# Another small fond problem since new photoshop installation



## Tom75 (Jan 11, 2013)

Hi again,

since I have installed photoshop on my new imac I also noticed that there are obviously some fonts missing because I am getting a window when opening a specific document that some text layers contain fonts that are missing and that I need to replace the missing fonts before i can use them.

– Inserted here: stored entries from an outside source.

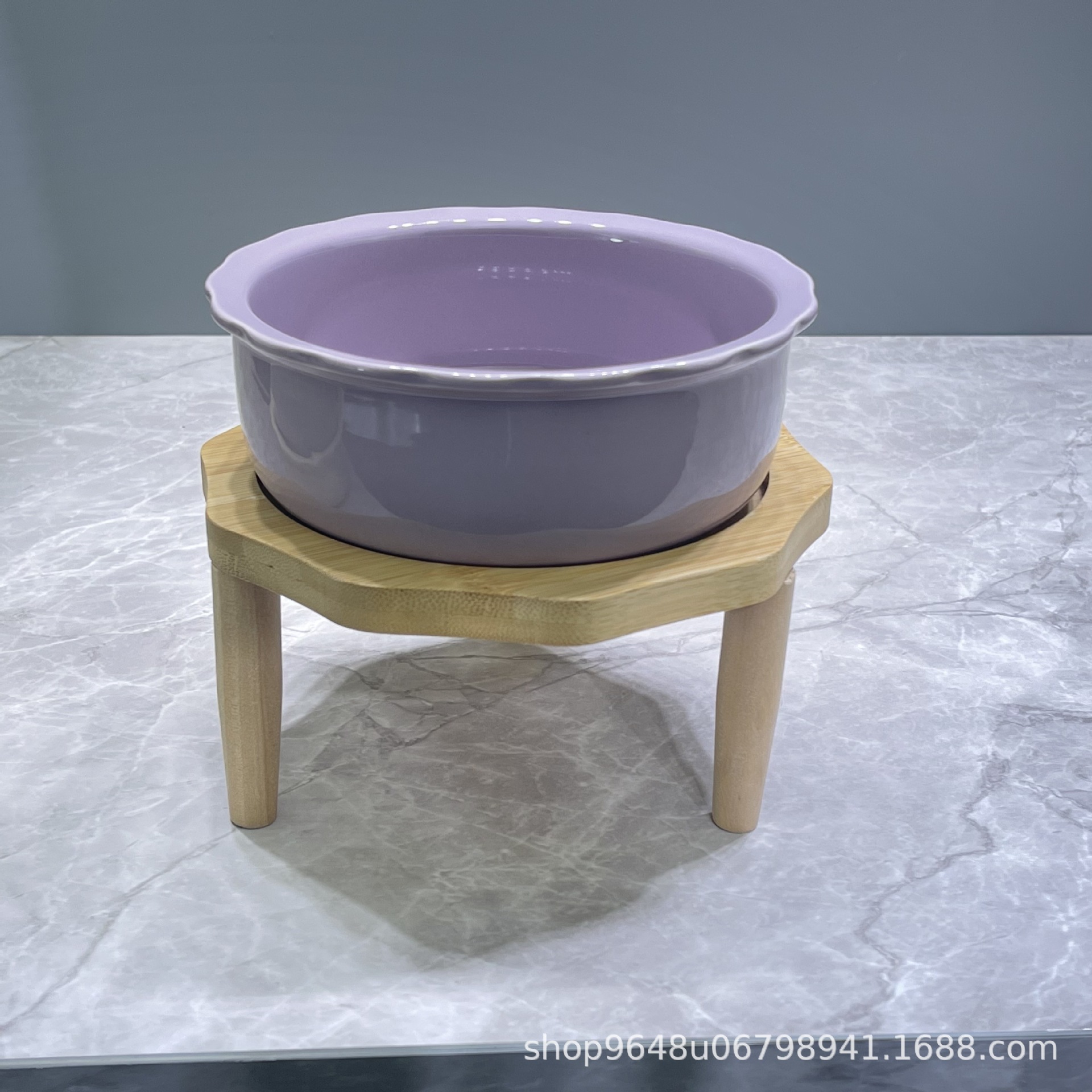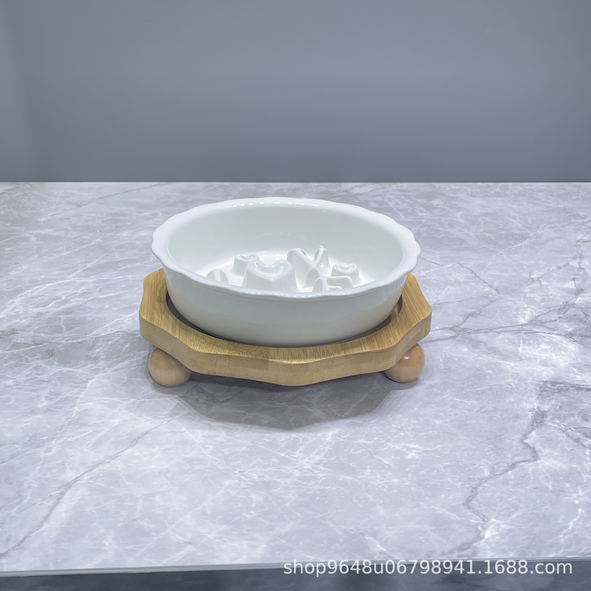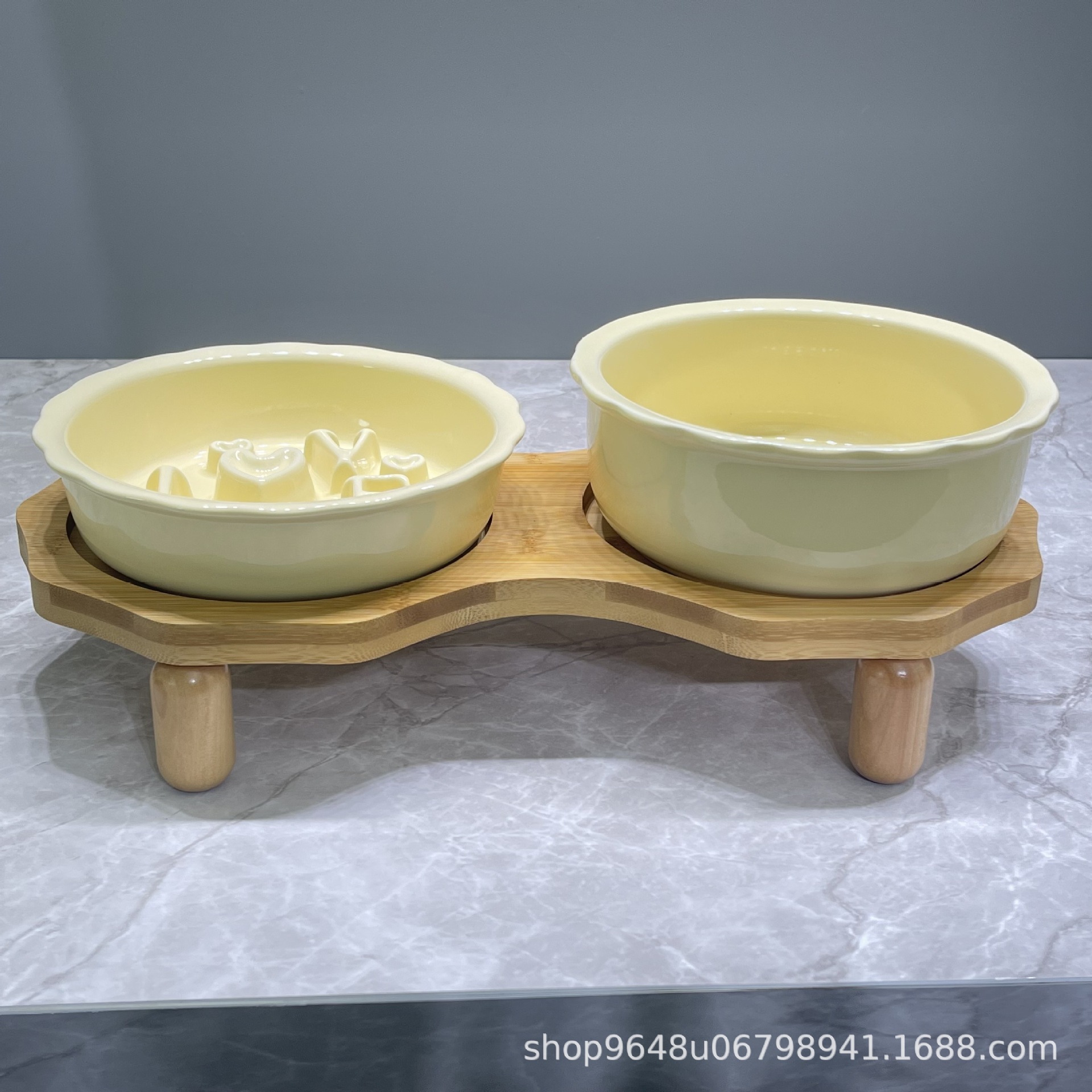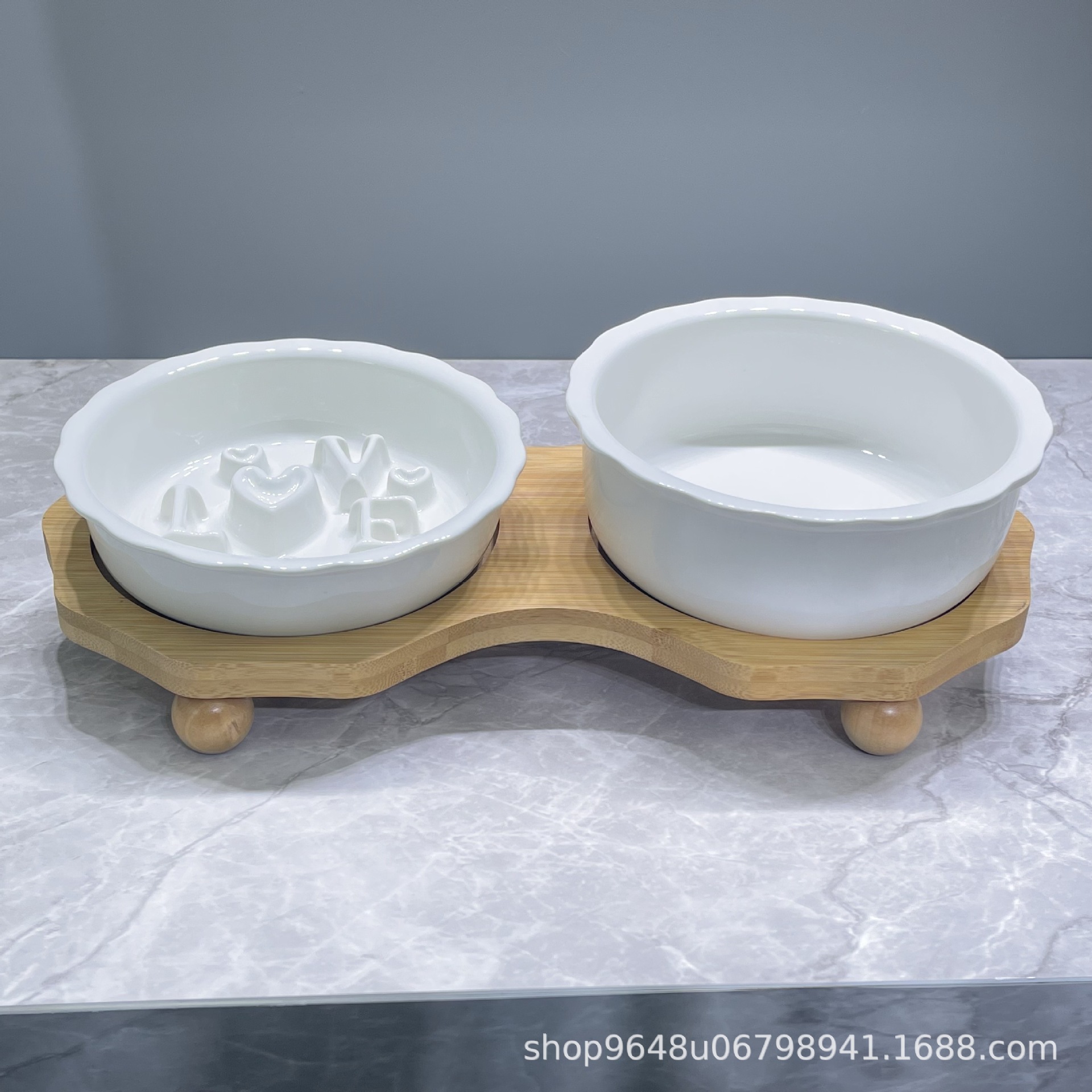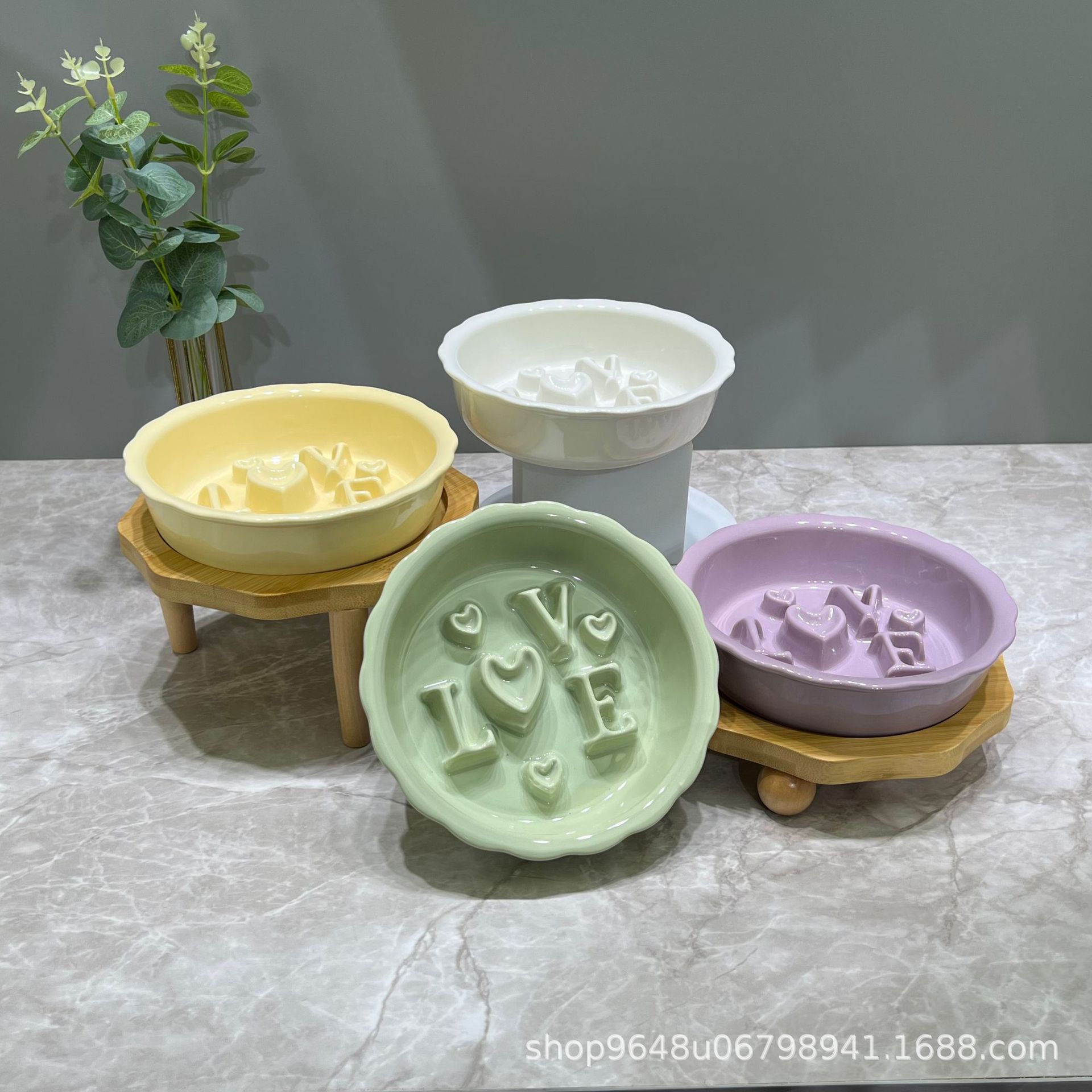 애완동물용 세라믹 그릇, 슬로우 푸드 그릇, 고양이 그릇, 강아지 그릇, 물그릇, 질식 방지 고양이 및 강아지 식기, 식기, 그릇 용품, 높은 다리가 있는 나무 받침대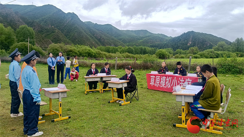 中國甘肅網(wǎng)7月5日訊(西北角·中國甘肅網(wǎng)記者 宋芳科 趙志富)7月4日,一場別開生面的模擬法庭在草原上舉行。來自甘南州合作市勒秀鎮(zhèn)中心小學的學生們,通過模擬庭審,上了一堂生動的普法課。這也是甘南州兩級檢察機關(guān)“崗拉梅朵”未檢工作室又一次送法進校園,為未成年人的成長撐起堅實的法律保護傘。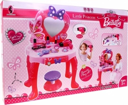 Sertarul practic ascunde toate mărunțișurile, iar scaunelul inclus asigură o ședere confortabilă. Setul bogat de bijuterii și recuzită cosmetică le permite copiilor să descopere stilul, să-și dezvolte motricitatea fină și abilitățile sociale în joaca împreună.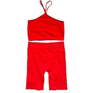 Nikibiki Fiery Red Biker Shorts & Halter Bralette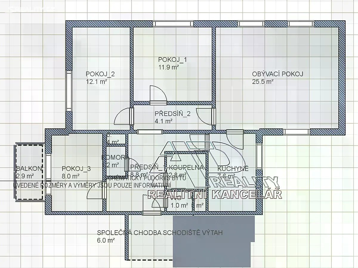 Ve výhradním zastoupení vlastníka nabízíme k prodeji atypický rohový panelový byt velikosti 4+1 s balkonem umístěný v revitalizovaném panelovém bytovém domě na okraji sídliště Šumava v ulici Netolická v Českých Budějovicích. Celková plocha bytu 90m2, podlahová plocha bytu [84,6m2] + balkon [2,3m2] + větší sklep [3,0m2]. Bytová jednotka je v původním stavebně-technickém stavu (odpovídající roku výstavby 1984) bez provedení rekonstrukce či stavebních úprav, vyklizený a připravený k modernizaci. Okna plastová, bytový dům je částečně revitalizovaný, v plánu výměna výtahu. Svým umístěným v okrajové části sídliště a nejvyšším patrem a dispozicí nabízí panoramatický výhled na město, dostupnost veškeré vybavenosti (doprava, obchody, školy…), když okna obytných místností a balkon jsou orientována mimo zástavbu sídliště. Svým novým majitelům byt nabízí nadstandartní užitnou plochu bytu, atypickou / rohovou dispozici (původní řešení jako dvougenerační byt) prostorný obývací pokoj, neprůchozí pokoje, balkon na sever mimo zástavbu sídliště. V rámci rekonstrukce lze bez větších stavebních úprav změnit dispozici bytu, zvětšit koupelnu a využít a zvětšit úložné prostory bytu. Byt je kompletně vyklizený, připravený buď k nastěhování, nebo k modernizaci či rekonstrukci. Současní bytu je kuchyňská linka, elektrický sporák a vestavěné skříně. V bytě jsou osazena plastová okna. Orientace oken bytu (obytných místností) na sever, východ i západ. Dispozice bytu: obývací pokoj [25,8m2], pokoj [12m2], pokoj [12,09m2], pokoj [8m2] s balkonem [2,25m2], kuchyně [8,2m2], prostorná předsíň [13,76m2], koupelna [2,8m2] a WC [1,0m2] a WC [1,0m2]. K bytu je k dispozici sklepní koje v 1.NP (technické podlaží - přízemí) domu o výměře [3,0m2]. Topení v bytě centrální / ústřední dálkové (radiátory), podružné měření spotřeby teplé a studené vody (vodoměry), samostatné měření spotřeby elektřiny (elektroměr). V bytě je možnost připojení internetu (Starnet) a STA. Byt je po celou dobu ve vlastnictví jednoho majitele (rodiny), který v bytě bydlel (byt nebyl nikdy pronajatý). Byt je umístěn v 9.nadzemním podlaží, poslední (8.obytné patro) bytového domu s výtahem, bytový dům je průběžně udržovaný. Kolaudace objektu proběhla v roce 1984, jsou pouze 2 byty na patře. Energetická náročnost budovy / PENB v hodnotě [C]. Vlastnictví: bytová jednotka ve vlastnictví (osobní vlastnictví) zapsaná v katastru nemovitostí. Na nemovitosti (bytové jednotce) neváznou žádná věcná břemena hypotéka či exekuce, jiná práva třetích osob. Financování koupě lze řešit hypotékou čí úvěrem banky. Veškerá občanská vybavenost včetně MHD je v dosahu, základní škola, školka, obchody, služby, banka v blízkosti. Parkování na parkovišti podél domu / v blízkosti domu. Byt je k dispozici po dohodě ihned. Aktuální cena uvedená shora je kompletní cenou včetně provize RK a majetkoprávního servisu spojeného s koupí nemovitosti. Pro bližší informace a termíny prohlídky volejte makléře (Jindřich Dvořák, Dipl.Tech). Nemovitost je nabízena výhradně v nabídce realitní kanceláře AD-REALITY České Budějovice.

Now I don´t want to replace the fonts with something else because they dont fit. Is there any way to get missing fonts into photoshop or what can I do about this?

Regards,
Tom


----------



## Victoria Bampton (Jan 11, 2013)

Do you still have the old computer?  You'll just need to go find them in the Library/Fonts folders and copy them over to the new iMac.  They're probably in the Library/Fonts folder in your user account.


----------



## Tom75 (Jan 11, 2013)

thanks I will check that but does that work between windows 7 and mac?

regards,
tom


----------



## Victoria Bampton (Jan 11, 2013)

Probably - fonts are pretty standardised.  Which windows version were you on?  I'll try to track down a folder path for you.


----------



## Tom75 (Jan 11, 2013)

windows 7


----------



## Victoria Bampton (Jan 11, 2013)

Apparently they're stored in Windows/Fonts  - that was easier than expected!  LOL


----------



## Paul Treacher (Jan 11, 2013)




----------



## Tom75 (Jan 12, 2013)

Thanks a lot for the help everybody, it simply worked to copy the missing fonts over.

Regards,
tom


----------



## enigma (Jun 4, 2013)

Victoria Bampton said:


> Apparently they're stored in Windows/Fonts  - that was easier than expected!  LOL



Is that C://Windows/Fonts ??


__________
Free hosting


----------



## Hal P Anderson (Jun 4, 2013)

Of course. 

Hal

Welcome to the forum!


----------